Bishop Jia also suspended Father Dong’s priestly ministry some years ago, said the source in Zhengding.

However, Father Dong, with several hundred followers, claimed he was ordained under special faculties that the Holy See granted to the Chinese church in the 1980s, which gives power to bishops to ordain successors in times of persecution.

Pope Benedict's 2007 pastoral letter withdrew the special faculties but allowed individual dioceses to ask for new and updated faculties if particular situations so require.


An image of Father Dong Guanhua, self-made Bishop of Zhengding, celebrating a Mass in northern Hebei province on an unknown date in 2016. (Photo supplied)


Dilemma for Pope Francis

Church sources close to the Vatican confirmed to that Pope Francis intends to pardon the eight government-appointed bishops during the Year of Mercy as reported by Reuters on July 14. The Year of Mercy ends Nov. 20.

"The pope has been stressing mercy.
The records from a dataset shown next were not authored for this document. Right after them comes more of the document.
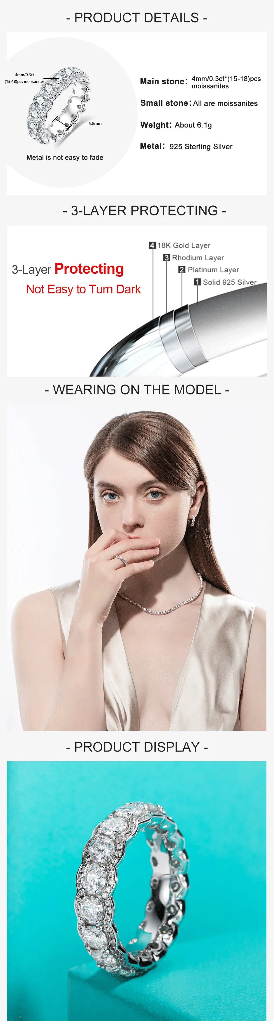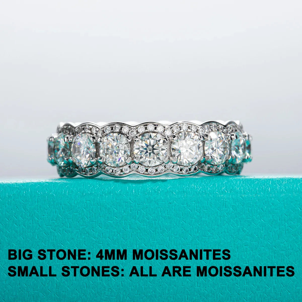 Elevate your jewelry collection with this stunning 4mm Moissanite Wedding Band Ring from Zeevera.com. Featuring 5.5cttw of radiant D Color moissanite stones, this eternity band is crafted in 925 sterling silver for lasting beauty and sophistication. Perfect for weddings, anniversaries, or everyday elegance.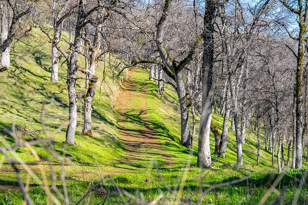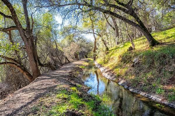 The property contains a system of unpaved roads and trails for access to the south-facing hilltops, Primary gated access is from the paved and private Palace Lane , with additional gated access from Bucks Bar Road on the east boundary and Ranch Road on the west. El Dorado Irrigation District’s Crawford Ditch traverses the property and provides access to residential and irrigation water. The property is fenced along the west, south, and east boundary lines.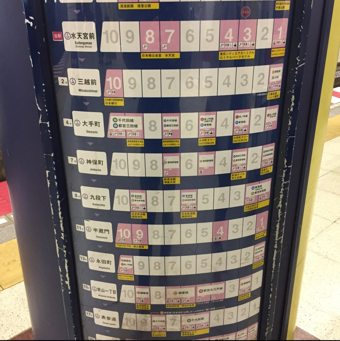 Every car matched with corresponding subway exits on every stop…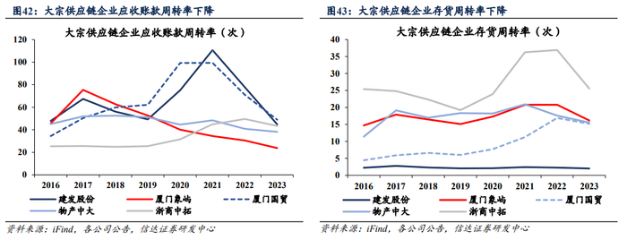 3)2023年影响已结束,结构性调整单吨利润或上行。2023年工业景气度较低,大宗商品市场需求放缓,价格较明显下降,客商企业经营活跃度降低,商品货物、货币资金等周转放缓。大宗供应链企业一方面信用风险加大、风控要求提升,另一方面为保障业务长期稳定性、主动让利客户,企业应收账款及存货周转率均有较明显下降。此外,大宗供应链服务商保存的部分风险敞口也受到大宗商品价格下行影响,盈利下滑较多。后续看,我们认为经济景气度或已接近底部,政策端也有诸多利好提振行业需求,大宗商品市场有望迎来周期上行拐点。同时,大宗供应链企业主动收窄风险敞口、调整货种结构、提升风控要求,严控信用风险。多重因素叠加,企业商品单吨毛利有望回升。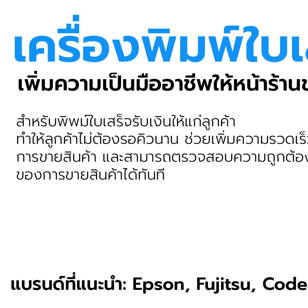 สำหรับพิพม์ใบเสร็จรับเงินให้แก่ลูกค้า ทำให้ลูกค้าไม่ต้องรอคิวนาน ช่วยเพิ่มความรวดเร็วการขายสินค้า และสามารถตรวจสอบความถูกต้องของการขายสินค้าได้ทันที

If he pardons the government-backed bishops for the sake of negotiations, will he show the same mercy to these defiant underground bishops or excommunicate them?" said Father Joseph, an underground priest in Hebei.

There is concern about how the Vatican-unapproved bishops will affect the ongoing China-Vatican negotiations as the next round is due to take place late October. The Holy See hopes Beijing will accept 30 underground bishops into the government-sanctioned bishops' conference when an accord is achieved.

"In the eyes of Beijing, it is just a number of illegal religious personnel be it 30 or 32," said Father Joseph. "The authorities will continue to detain or arrest us or remove us from the diocese if they think it's necessary."


Shockwaves in Chinese Church

The new self-styled "bishops" are considered radical even among the underground community, and their ordinations have sent shockwaves among Catholics across China after news spread Oct. 10.

On social media and Catholic websites, some Catholics, apparently coming from the open community with links to the CPA, mocked the "so-called loyalty" of the underground community and accused them of hurting the communion of the church.

Underground Catholics in general see the appointments as violating church law but they think it is time for the Holy See to review its China policy and be clear on its stance.

"The Vatican does not appoint bishops but only apostolic administrators for the underground community. It has adopted double standards or ignored irregular issues that could have been settled if it followed canon law," said Father Joseph from Hebei.

The Vatican excommunicated three government-backed bishops for the first time in 2011-2012 and pardoned or kept mute on other bishops who accepted or presided over the episcopal consecration. It stressed that such episcopal ordinations are canonically illegal but sacraments administered by the unapproved bishops are valid.